AP U.S. Government and Politics provides a college-level, nonpartisan introduction to key political concepts, ideas, institutions, policies, interactions, roles, and behaviors that characterize the constitutional system and political culture of the United States. Students will study U.S. foundational documents, Supreme Court decisions, and other texts and visuals to gain an understanding of the relationships and interactions among political institutions, processes, and behaviors. They will also engage in disciplinary practices that require them to read and interpret data, make comparisons and applications, and develop evidence-based arguments. In addition, they will complete a political science research or applied civics project.

Course Overview

AP U.S. Government and Politics has been designed as a nonpartisan course and has been endorsed by the National Constitution Center as well as a range of conservative and liberal scholars for its political balance. The required readings are the Declaration of Independence, the U.S. Constitution, the Articles of Confederation, representative Federalist Papers, Brutus No. 1, and Martin Luther King Jr’s “Letter from a Birmingham Jail.” In addition, there are 15 required Supreme Court cases. Additional readings and assignments that teachers select to supplement the course must, as a whole, maintain a political balance. It is expected and required that all AP-authorized courses maintain political balance through a nonpartisan curriculum.
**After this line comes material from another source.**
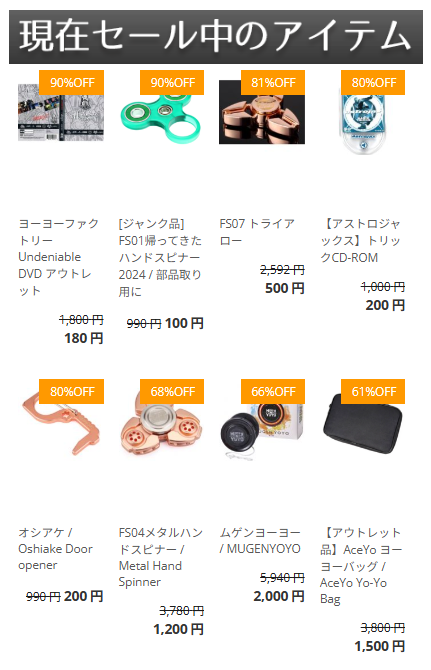あと、今回、セール期間中は、トップページの下の方に、サイト内の割引率の高いアイテムが表示されるようにしてあります。
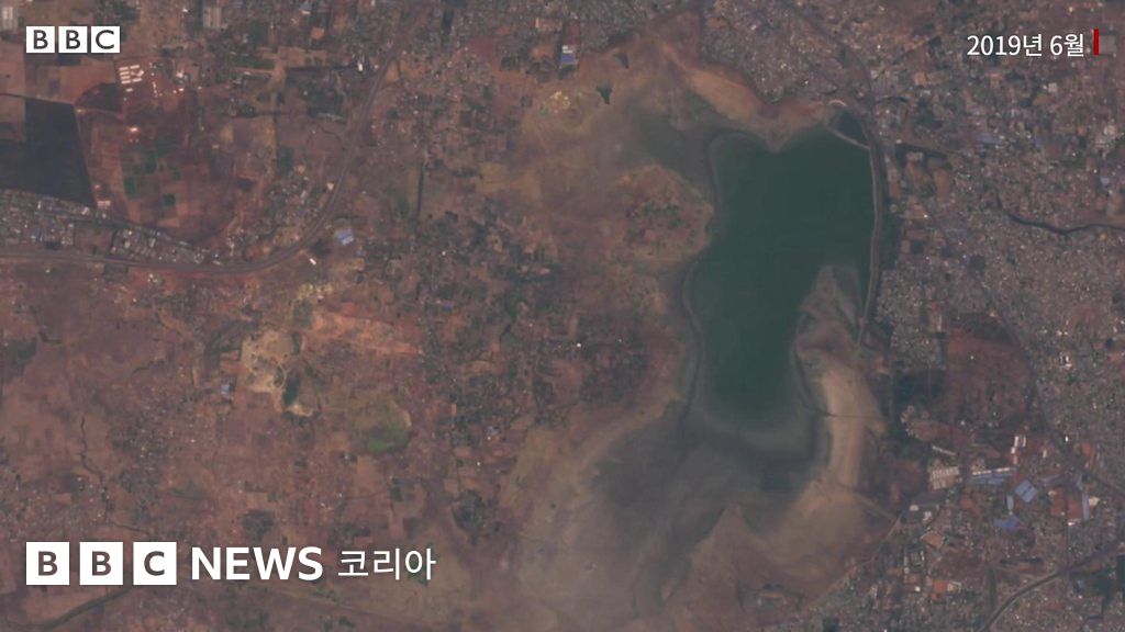 2018년 비가 많이 내리지 않으면서 다달이 저수지 물이 말라간다. 저수지가 줄어드는 모습은 위성사진으로 확연히 드러난다.

The content outline is divided into five separate units that comprise major course topics. Each unit begins with a short narrative providing background and context, followed by two or more essential questions that will help you connect the unit’s content to the big ideas in the course. Within each unit, a number of enduring understandings focus on specific aspects of the unit and delineate the level of conceptual understanding required of successful AP students. The course content for each unit is presented in a tabular format. The Units are as follows:

  • Foundations of American Democracy
  • Interactions among Branches
  • Civil Liberties and Civil Rights
  • American Political Ideologies and Beliefs
  • Political Participation

The Project Requirement

The required project adds a civic component to the course, engaging students in exploring how they can affect, and are affected by, government and politics throughout their lives. The project might have students collect data on a teacher-approved political science topic, participate in a community service activity, or observe and report on the policymaking process of a governing body. Students should plan a presentation that relates their experiences or findings to what they are learning in the course.